Here's the newest addition to my household; Everybody meet Saphira, she's 6 years old, 34" from head to tail, and the most peaceful Iguana I've even seen. She loves to be held, is great with people, and hasn't showed any kind of aggression with anyone she's met today!!!!

I got her for $160, she came w/ a 48"x24"x48" cage, lots of basking, night time red heat, and uvb bulbs & reptile dome lamps!!!


----------



## psych (Jan 7, 2013)

She's a beauty!!


----------



## xxUnRaTeDxxRkOxx (Jul 12, 2011)

psych said:


> She's a beauty!!


Thanks!

She has very nice orange/red coloration over most of her body and head, and a nice green coloration to her belly.
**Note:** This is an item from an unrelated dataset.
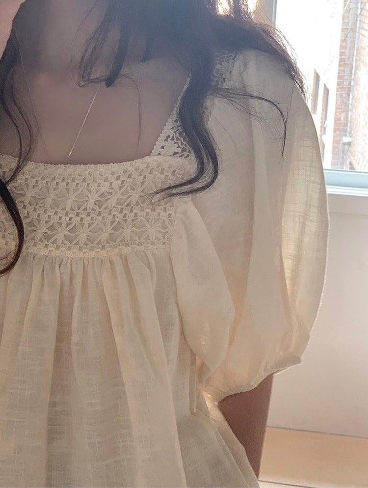 カギ編みレースのデコルテ装飾がドレッシーな魅力のアイテムです。半袖のパフスリーブとバックオープンのスクエアネックが女性らしい印象を演出し、カギ編みとレースのディテールが上品さをプラスしています。ワイドなフレアシルエットが、体型をカバーしながらもおしゃれに見せてくれます。春夏のシーズンやフォーマルな場面にも適したトップスは、さまざまなシーンで活躍してくれること間違いなしです。

I'll get some better pictures of her later today, hopefully ones that show how colorful she is.


----------



## DennisSingh (Nov 8, 2004)

Nice, you gonna get her a mate? mate


----------



## BDoss1985 (Sep 15, 2011)

She's beautiful, i've always wanted one just never got a chance.


----------



## xxUnRaTeDxxRkOxx (Jul 12, 2011)

I'll get some better pictures here in a few minutes, as for mating her.... Nah I don't think I'll try to get her to mate, mainly because I live off disability and only get around $900 a month I really don't want to invest money in finding her a mate that she'll accept. 

I'm happy with just her, and she gets all of my attention since I'm single, I spend my time bonding with her and we're both pretty happy with it. I intend to turn the stand for my 100 gallon aquarium into a new cage, by getting rid of the tank, and then building onto the stand to make it 5ft high, and since it's already 6ft long she'll get lots of space!!!


----------



## xxUnRaTeDxxRkOxx (Jul 12, 2011)

Here's some pictures of her playing in tub so I could clean her cage!!!



















Got her head under water haha


----------



## Farm (Sep 23, 2014)

Gorgeous iguana! What is her life expectancy? It would be nice to have a pet that lived as long as we do. Look forward to seeing more photos.


----------